Washington, D.C.
Dec. 8, 2014
As a matter of policy, the Securities and Exchange Commission disclaims responsibility for any private publication or statement of any SEC employee or Commissioner. This speech expresses the author's views and does not necessarily reflect those of the Commission, the Commissioners, or other members of the SEC Staff.
Good morning and thank you Brad [Davidson] for the introduction. As Deputy Chief Accountant for OCA´s Professional Practice Group (PPG), I am fortunate to have a talented and dedicated team of professionals who focus on audit quality and investor protection each and every day. We work closely with, and provide advice and support to, other offices and divisions within the SEC on auditing, auditor independence, and internal control matters. OCA´s PPG also has a significant role in leading and coordinating the Commission´s oversight of the Public Company Accounting Oversight Board (PCAOB).
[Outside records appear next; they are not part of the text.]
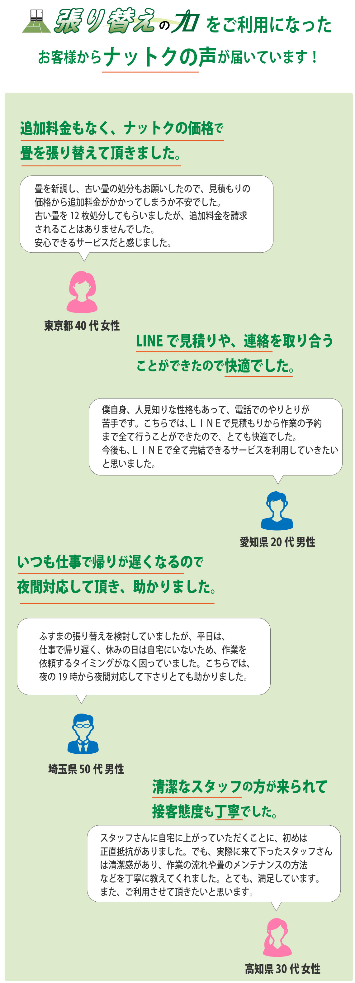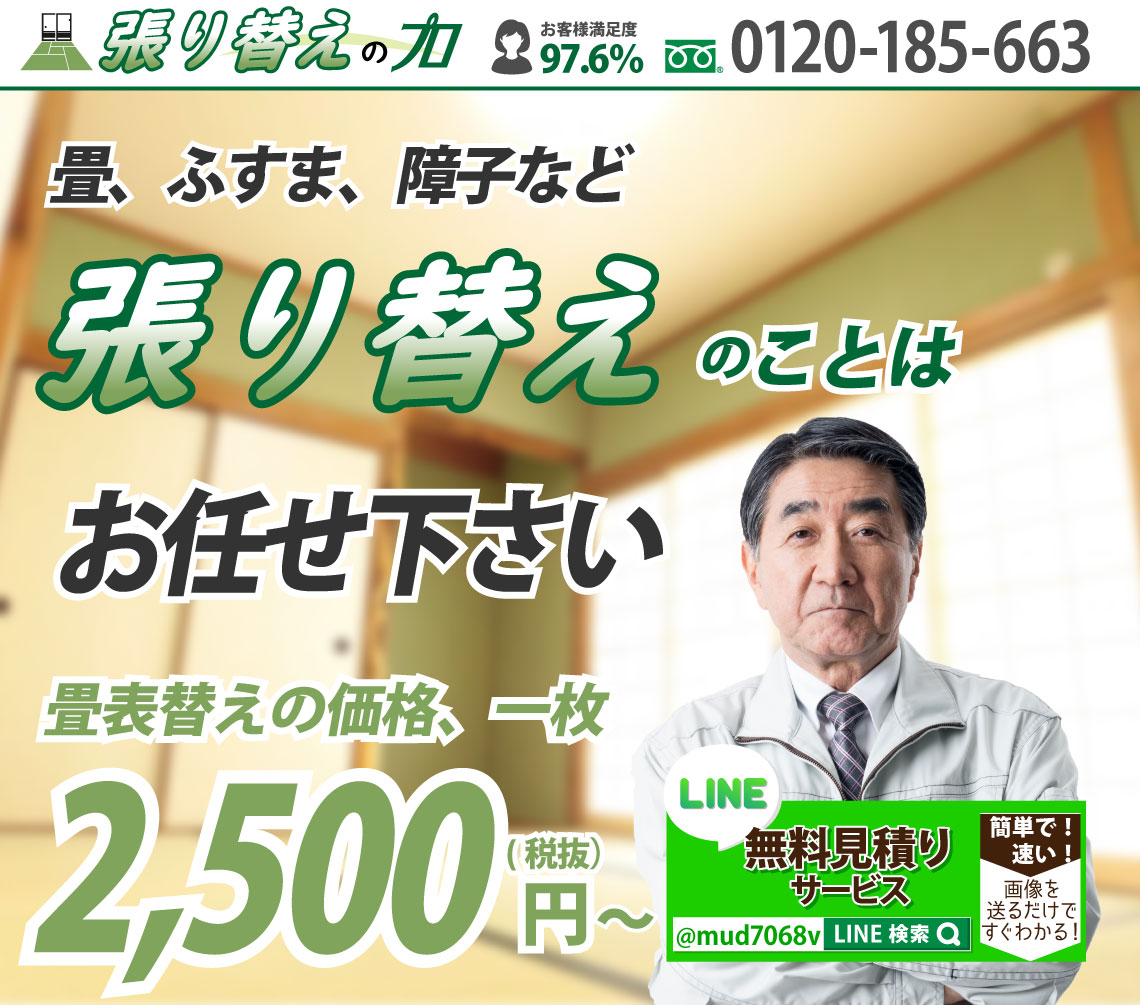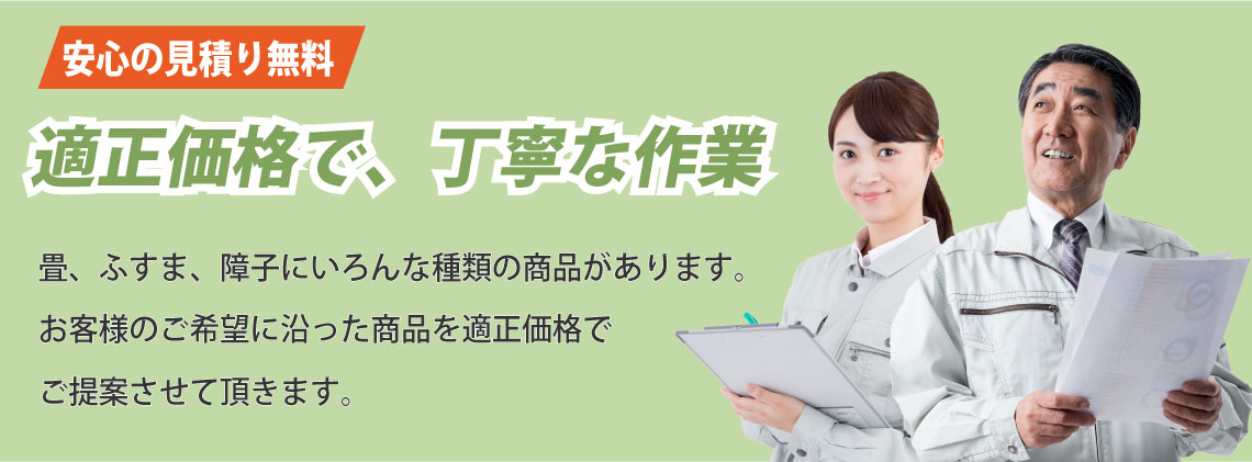 畳、襖、障子の張替えを考えた時、どういった業者に依頼すれば良いのでしょうか?どれくらいの料金がかかるのか、どういった対応を行うのかなど多くの心配がある方もみえるかと思います。そこで価格・対応・サービスなど業者を選ぶ際に知っておきたいポイントを押さえて、気持ちよく張替えを終わらせましょう。最初に気になるのは値段ではないでしょうか。出来うるものなら安価、低価格で依頼したいですよね。張替えの料金は、ある程度の相場は決まっていますが、一概に何円とはなかなか言えません。商品の品質や張替えの対応(畳であれば裏返し、表替え、新調など)で料金は変わってきます。そこで業者が商品や対応の説明をしっかり行い、最適な方法を提案してくれるかということを確認してみましょう。加えて、無料見積もりの利用をおすすめいたします。優良業者であれば、見積もりの詳細まで説明を行ってくれるので、追加料金の発生もありません。あわせて、業者の対応が親身であるかも見ておきましょう。こちらの相談や質問に対して、丁寧・的確・誠実に対応してもらえれば安心して張替えを検討できます。また、業者の技術・知識力も大切ですね。例えば、畳であれば『畳製作技能士』という資格もあるので問い合わせ時に作業員がそういった資格を持っているか確認しておきたいものです。他にもチェックしておきたいポイントがいくつかあります。商品の取り扱いが多い業者であれば、商品の価格や品質といった選択肢が増えて、商品選びがしやすくなります。また、小さなことですが、作業前の家具の移動、畳の拭き取りといったサービスを利用できると助かりますね。もし張替えでお悩みの際は、まずは気軽な問い合わせをおすすめいたします。安心できる業者であれば、小さな質問や相談からでも受け付けています。いきなりの問い合わせは不安という方は、業者によってはweb(LINE、メールなど)見積もり、相談も行っています。これらの知っておきたいポイントに気をつけつつ、満足のいく張替えにしたいですね。
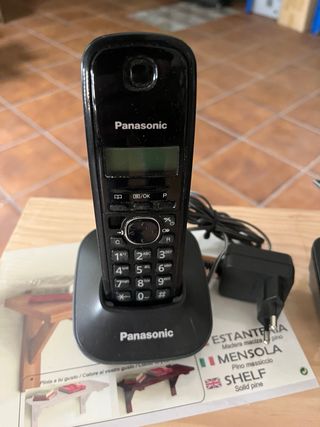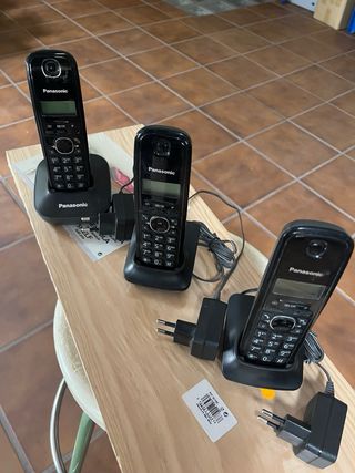 Conjunto de tres teléfonos inalámbricos Panasonic, - Tres bases de carga incluidas. - Adaptadores de corriente. - hay que poner pilas
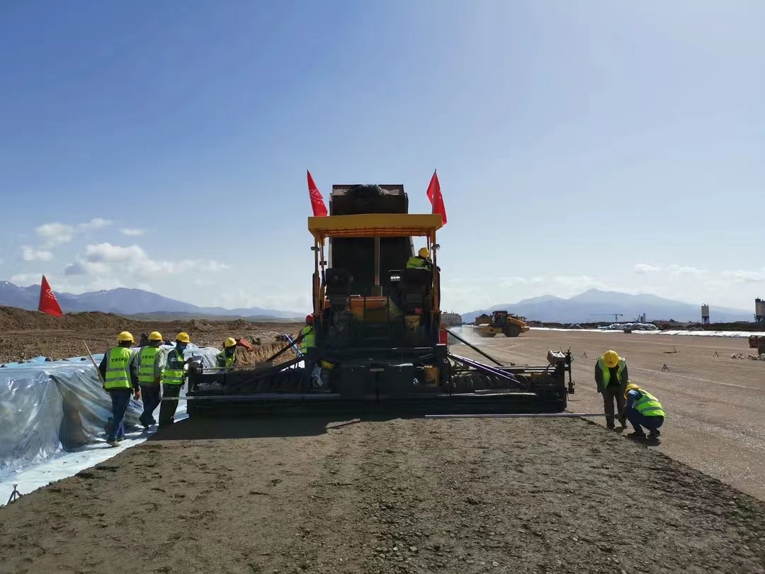 5月28日,伴隨著第一車水泥穩定砂礫混合料緩緩倒入攤鋪機料斗,標志著由我司承建的新疆和靜(巴音布魯克)機場飛行區跑道水穩基層試驗段施工正式拉開序幕。

In doing so, we work very closely with the PCAOB throughout the year to achieve our shared investor protection objectives.
I´ll begin my remarks this morning with some observations from our ongoing focus on auditor independence and then move on to some PCAOB and internal control matters. Also, Jim Schnurr mentioned our work to consider updating audit committee disclosure requirements so on that topic I´ll simply add that I too am enthusiastic about these efforts. I anticipate this work will continue to be a priority for OCA´s PPG in 2015.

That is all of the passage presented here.